I learned to squat on Aug 27, 2015, and tried dead lifts for the first time on Sep 08, 2016. I also learned many other free weight exercises from YouTube videos, including: bicep curls, triceps extension, T bar row, bent over row, overhead press, farmer's walk.
😡 That is the way that you work out?
lol. Your form on those curls is terrible. Looks like you should be using lighter weights.
Your shoulders probably hurt from your elbows flaring out.
This was my first lesson on the importance of proper form. I watched more tutorial videos, and my form was improving at the end of this conference trip.
Bicep curls isn't the only exercise in which I had problems with the form. Although I watched videos before doing an exercise, I have been too eager to add more plates, and as a result, the range of motion was reduced and the exercise became less effective. Here I would like to thank Chris and Spyros for pointing out my mistakes when spotted in my videos.
In summer 2016, I started a quest of going to the gym for 40 consecutive days. I would train a different body part on each day, and do two or three exercises targeting this body part. I had a chest day, a bicep day, a triceps day, a back day, a quad day, a hamstring day, a calf day. I found I was missing a shoulder day, so I went for a few overhead presses, upright rows, and lying low pulley lateral raises.
Then I received a suggestion:
I could not find any information on what a "phalanges day" is, but the definition of "phalanges" is clear:
The phalanges are the bones that make up the fingers of the hand and the toes of the foot.
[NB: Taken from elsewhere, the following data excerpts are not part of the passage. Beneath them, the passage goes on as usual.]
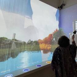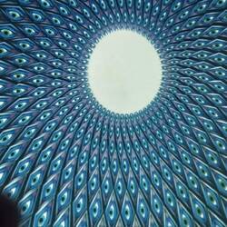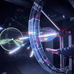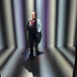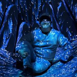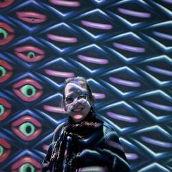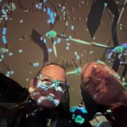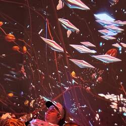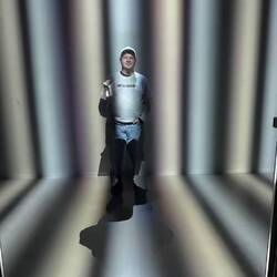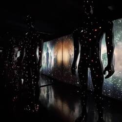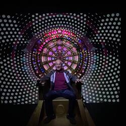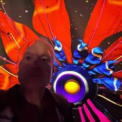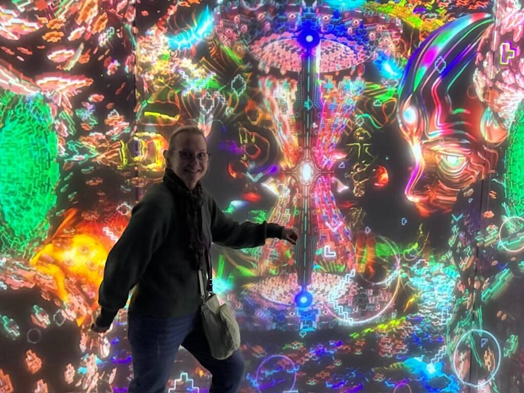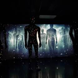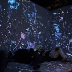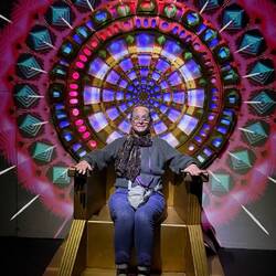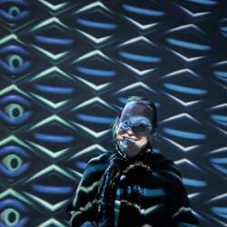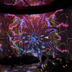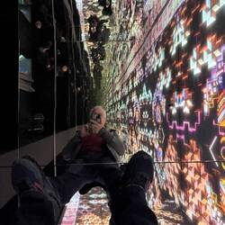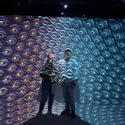 The Visitors, 4 human-shaped figures standing in a cosmic environment, silently observe and respond with subtle light and sound impulses, as if sensing your presence. The Oracle, an entity residing inside a large LED chamber, reveals what the stars say about you. I entered by birthdate and it generated a personalized reading based on my astrological profile (see video). All Eyes on You, greeted us with a field of eyes arranged in the pattern of the Flower of Life. As you walk across the surface, the eyes gently close beneath your feet, then reopen once you step away reacting to your movements. The longer we linger in the space, the more vivid and responsive they become. Prizma was inspired by an Amazonian tribe known for its intricate textile and ceramic artistry. As you moved left or right, the visual patterns come to life, subtly responding to gestures. The visit ends with the Solfeggio Room with colors and vibrations made to support healing and deep relaxation. The ancient tones here appear both in Gregorian chants and in Indian Sanskrit mantras and were part of a 1970s study on these tones and their effect on consciousness and healing.Læs mere
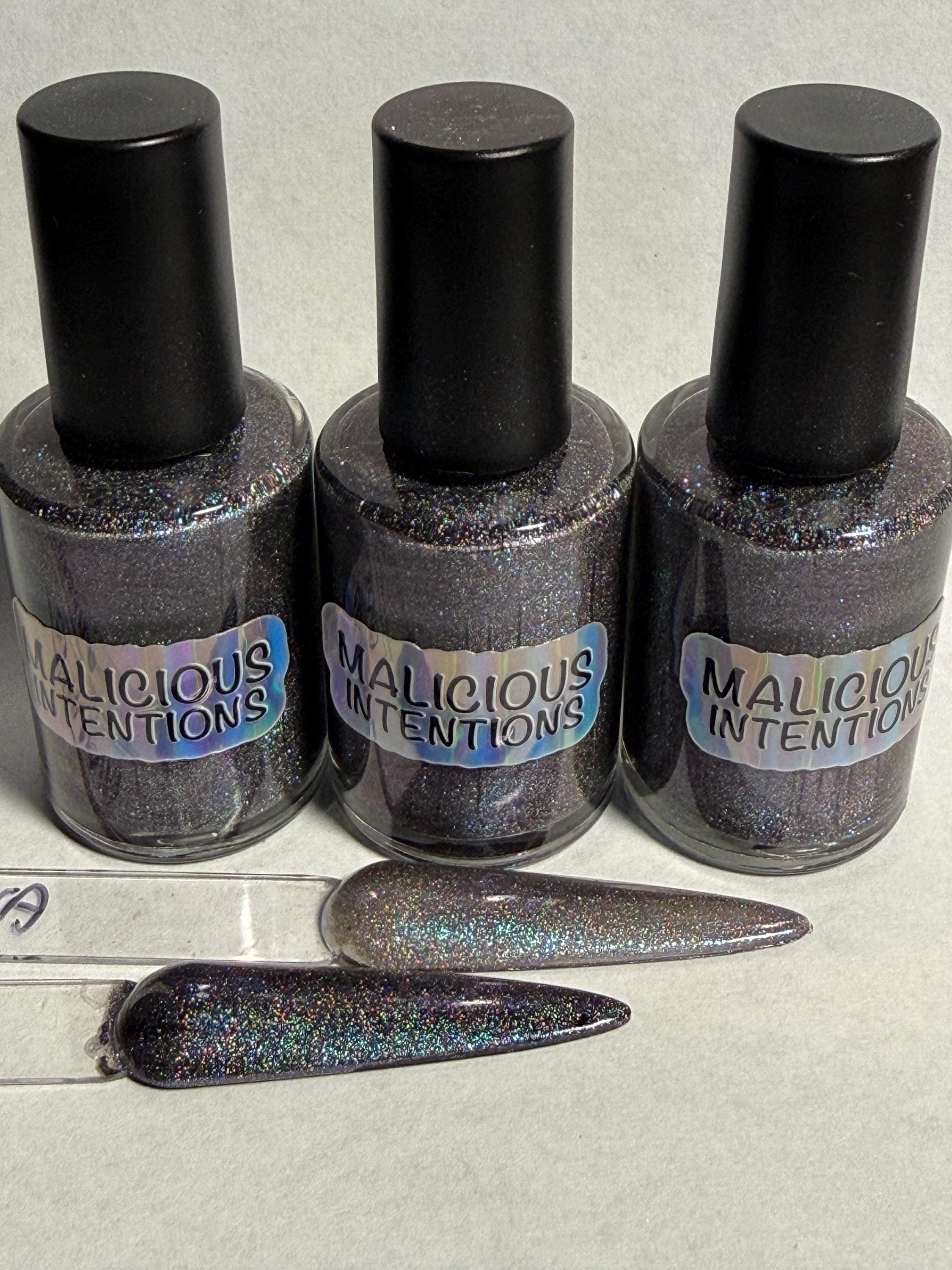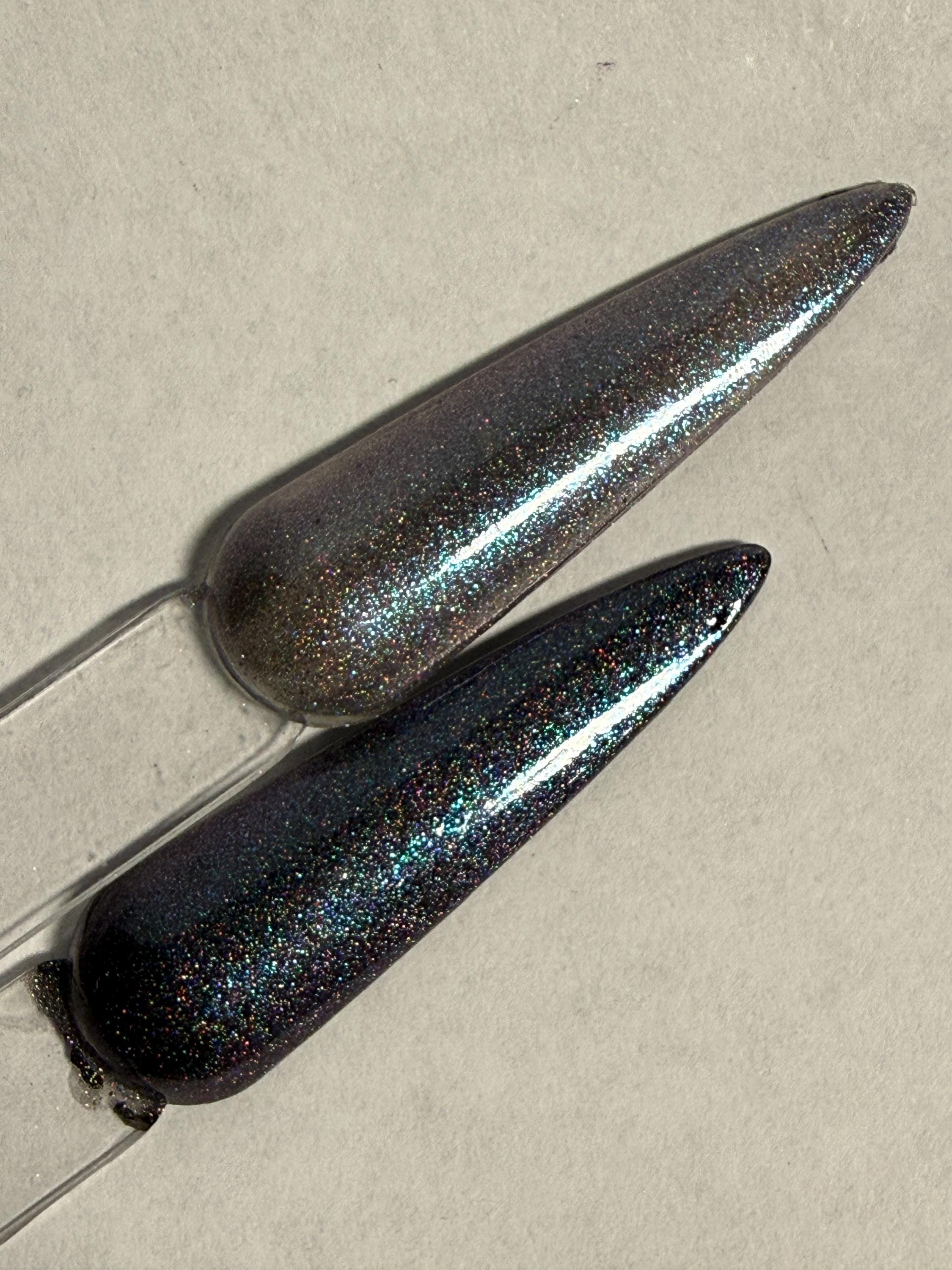 This nail polish comes in either 5 or 15ml bottles and is a magnetic silver holo with flashes of blue. You will need a magnet to take advantage of the magnetic properties within. It does not come with a magnet but if you'd like me to include one for $1, please check my other listings.
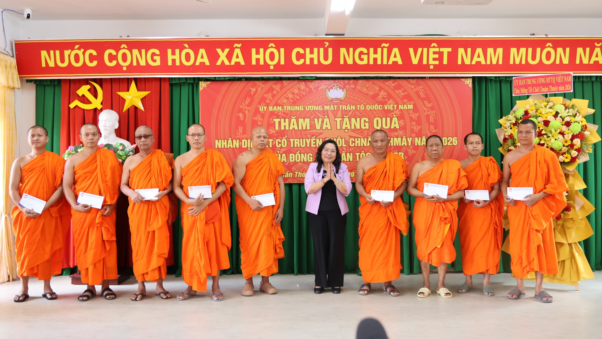 Chiều ngày 13/4, tại Trường Bổ túc Văn hóa - Pali trung cấp Nam Bộ (phường Sóc Trăng, TP Cần Thơ), đoàn công tác của Ủy ban Trung ương MTTQ Việt Nam do ông Trần Thắng, Phó Bí thư Đảng ủy MTTQ Việt Nam, các đoàn thể Trung ương làm trưởng đoàn đã đến thăm, chúc mừng Hội Đoàn kết sư sãi yêu nước thành phố; các vị chức sắc, chức việc, Achar, người có uy tín, các hộ nghèo, gia đình chính sách đồng bào dân tộc Khmer trên địa bàn thành phố nhân dịp Tết cổ truyền Chôl Chnăm Thmây năm 2026.
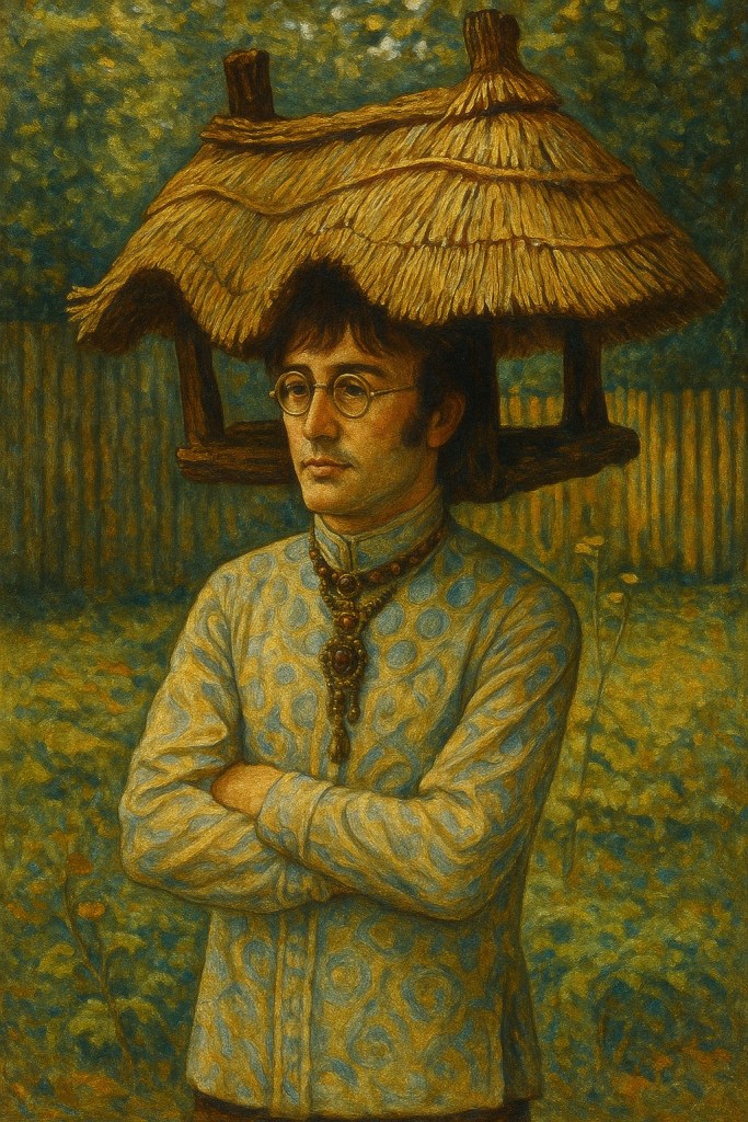 La scène montre John Lennon debout, bras croisés, vêtu d’un caftan aux motifs floraux rappelant les textiles russes traditionnels. Il se tient adossé à une mangeoire en bois sculpté au toit de chaume, qui semble posé comme un couvre-chef baroque sur sa tête. Le décor végétal foisonnant, la clôture rustique et les fleurs simples du jardin évoquent la douceur d’un été provincial, transformé en théâtre d’un imaginaire fantaisiste.
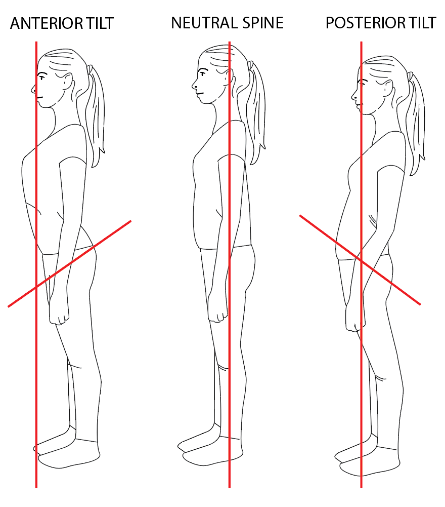 When you’re standing, pay attention to your posture. Are you pushing your hips forward? Arching your back? You want to work towards a neutral spine alignment shown in the image below.
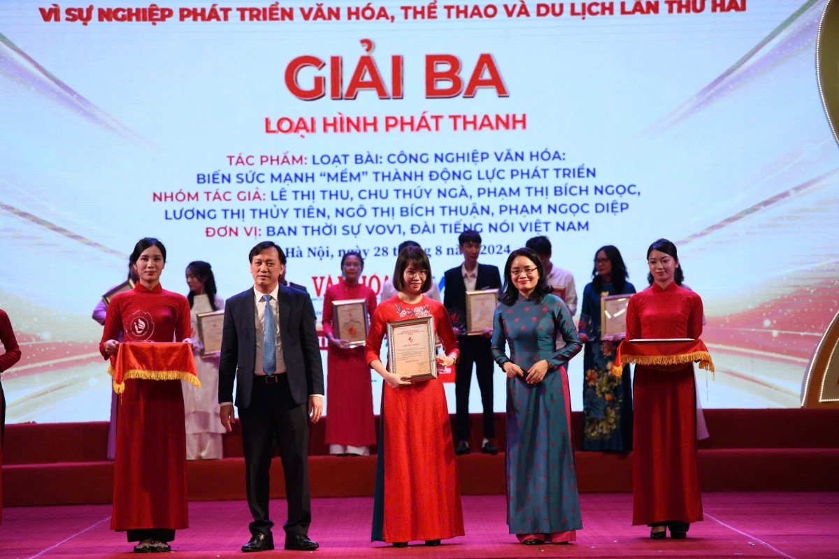 Loạt bài “Công nghiệp văn hóa: Biến sức mạnh “mềm” thành động lực phát triển” của nhóm tác giả Lê Thu, Chu Thúy Ngà, Phạm Thị Bích Ngọc, Lương Thị Thủy Tiên, Ngô Thị Bích Thuận, Phạm Ngọc Diệp, Ban Thời sự VOV1, Đài Tiếng nói Việt Nam giành giải Ba loại hình phát thanh. Ảnh: VOV |
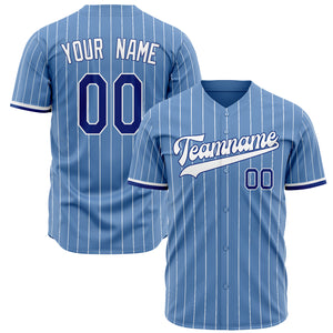 Custom Navy Baseball Jersey (With Light Blue White Pinstripe)
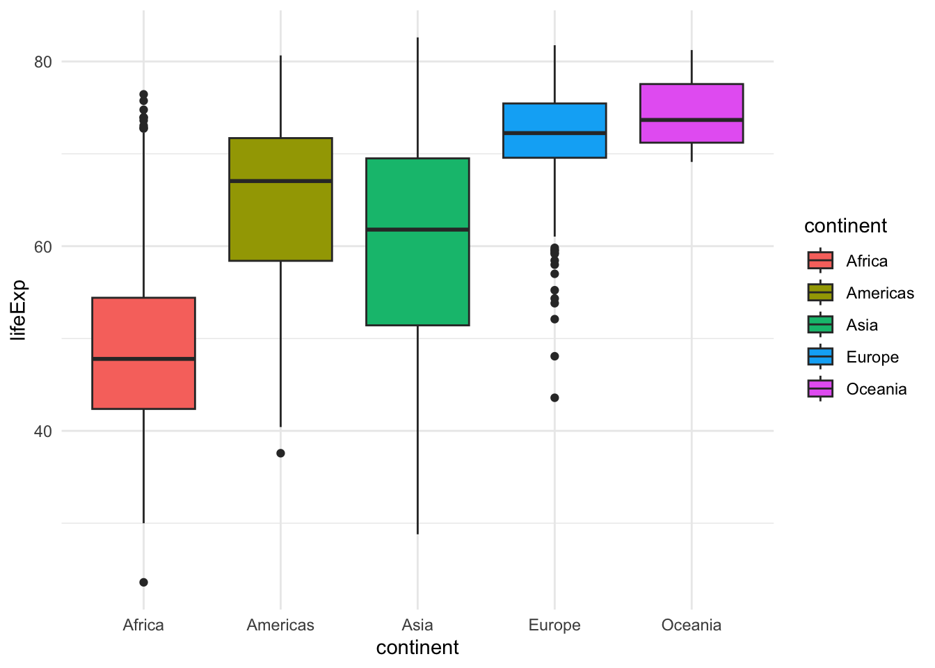 ggplot(gapminder, aes(x=continent, y=lifeExp, fill=continent)) +
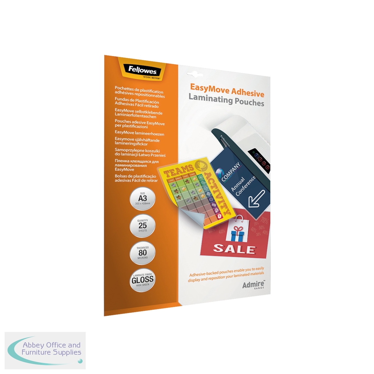 The Fellowes EasyMove A3 pouch is an adhesive backed pouch enabling you to easily display and reposition your laminated material. Each 160 micron thick, high sheen, gloss finished pouch provides sturdy protection to your notices, posters or charts. Easy to wipe clean and help protect your material from damage resulting from regular handling or from the elements.
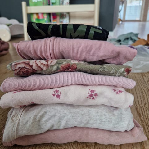 Hjemmestrikket, bodyer, kjoler, luer, skinnvotter og noe ull blant annet.

So I selected a few exercises related to fingers and toes, and had my first #PhalangesDay on Sep 09, 2016. My phalanges day exercises include: wrist curl, finger extension, finger cable pull (invented by me), toe press.
These exercises are slightly useful. Each of my fingers was able to pull a cable at 10lb resistence when I started, and now my little fingers can pull 20lb while my eight other fingers can pull up to 30lb cable.
To this day, I still do not know whether "phalanges day" is a real thing, or if Daniel pranked me.
Unlike many people, my favorite day at the gym is #LegDay. I would do squats, dead lifts, calf raises, and more. I even bought a shiny new outfit for leg day.
I never skipped a leg day since I started them. However, my liking for leg day wasn't well perceived. I once wrote "#LegDay every week" on a poster board. After several days, someone changed it to "#LegDay every month" and then "#LegDay every year".
Leg day eventually made onto the big screen when I was awarded my PhD degree at College of Science commencement. Nobody could change my message this time.
Every leg day, or any other heavy lifts, comes with Delayed Onset Muscle Soreness (DOMS). During my attempt on a 40-day streak in summer 2016, I had one or two sore body parts almost every day. On the 30th day, DOMS finally got me to the point that I no longer had a body part that could be trained.
I still went to the gym on that day. Instead of a lifting day, I had a massage day. Following a YouTube playlist, I used a foam roller to massage all over my body. It was immensely helpful that I could resume training the next day. I eventually extended the streak to 60 consecutive days before I had to stop.
It has been more than 1000 days since I started. I used to wear M-size shirts, and now I can fit in S-size shirts. I lifted heavy iron weights, and gained considerable muscles. My body definitely looks different from three years ago.